Read this before saying “We’ve already done VR”

by Josh Locke

Within property marketing, VR is an essential sales tool; not all VR experiences are created equal however - read on to find out what separates the good from the great.

Virtual Reality as a technology is commonly misunderstood both in its applications and its potential. Most people’s ideas of it are based in entertainment — gaming, cinema, art — because this is where it attracts the most publicity. But it’s becoming integrated into many of the most fundamental, practical areas of our lives. While it may seem a little daunting, VR is already in the process of revolutionising healthcare, education, and engineering.

The property sector is no exception, with projections valuing the industry at £2.5 billion by 2025. However, type property VR into Google and you’re directed to virtual tour platforms, such as Matterport — a series of panoramic photos that form a 360 degree tour. These do a great job of capturing pre-existing housing stock and with CGI techniques it’s even possible to showcase new-builds. Whilst these methods were revolutionary ten years ago, they are ultimately a passive experience, a step beyond looking at photographs, but not quite as good as physically being there. They are not VR.

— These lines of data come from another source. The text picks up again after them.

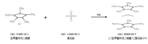 2.通過正丁基鋰、1,2,3,4,5-五甲基環(huán)戊二烯和氯化鉿合成二(五甲基環(huán)戊二烯基)二氯化鉿(iV),收率約72%;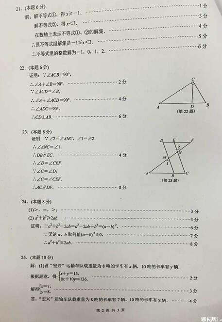 2015秦淮区七年级(下)期末数学试卷答案(2)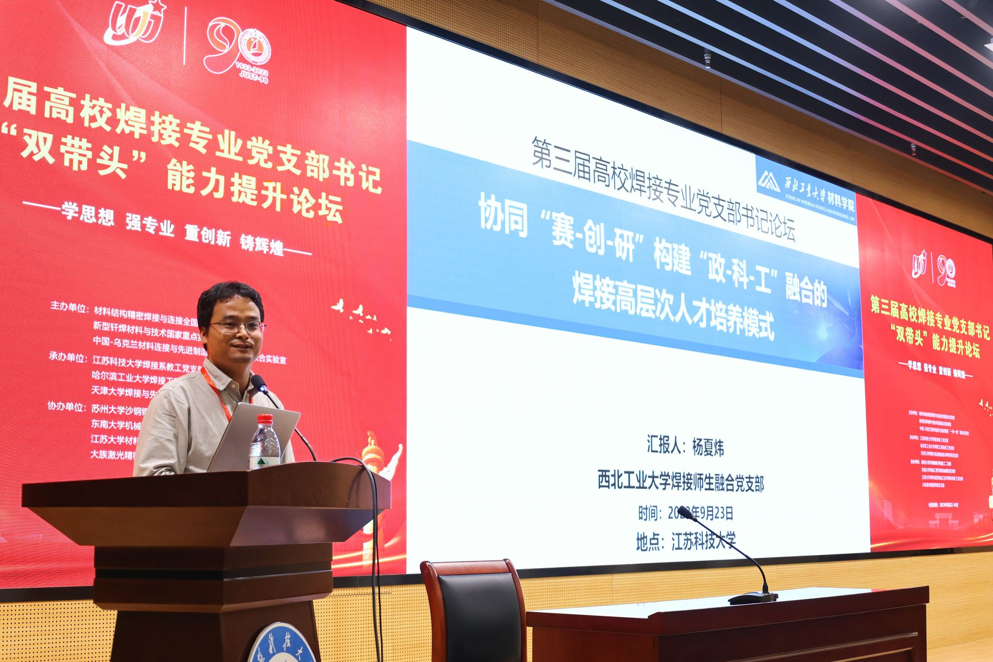 焊接师生融合党支部书记杨夏炜担任本届论坛联合主席,支部博士后苏宇参加了本届论坛。杨夏炜以《协同“赛-创-研”,构建“政-科-工”融合的焊接高层次人才培养模式》为题,代表支部做了大会报告,针对焊接科研育人创新平台的建设和发展,进行了详细介绍,打造高水平的育人创新平台,夯实学生的科技创新能力,旨在为深化焊接专业教育教学改革、助推具有理论知识丰富、实践能力强、创新意识和创新精神的人才培养模式的构建,提高学生的综合能力。同时,经论坛组委会讨论决定由天使动漫

When we talk about VR, we mean interaction, immersion and full simulation. We use Oculus Rift headsets and Unreal Engine software to generate fully interactive environments from architectural plans. When an end user — an apartment buyer, for instance — takes one of our tours, they can walk around a building before construction has even commenced. They can explore everything from the lobby to the roof terrace, and with drone-captured city-scapes, they’ll recognise the view when they look out. Every facet of design is customisable. They can swipe through furniture, countertops, wallpapers, and set the aesthetic exactly to their taste. And when they’re done, they can even open the fridge and pour themselves a glass of orange juice. We’re talking here about creating emotive connections that give a sense of involvement and ownership in what should ultimately be a personal experience — choosing a home to live in.

Features like these are going to place VR at the centre of this industry. What that future looks like is up to us.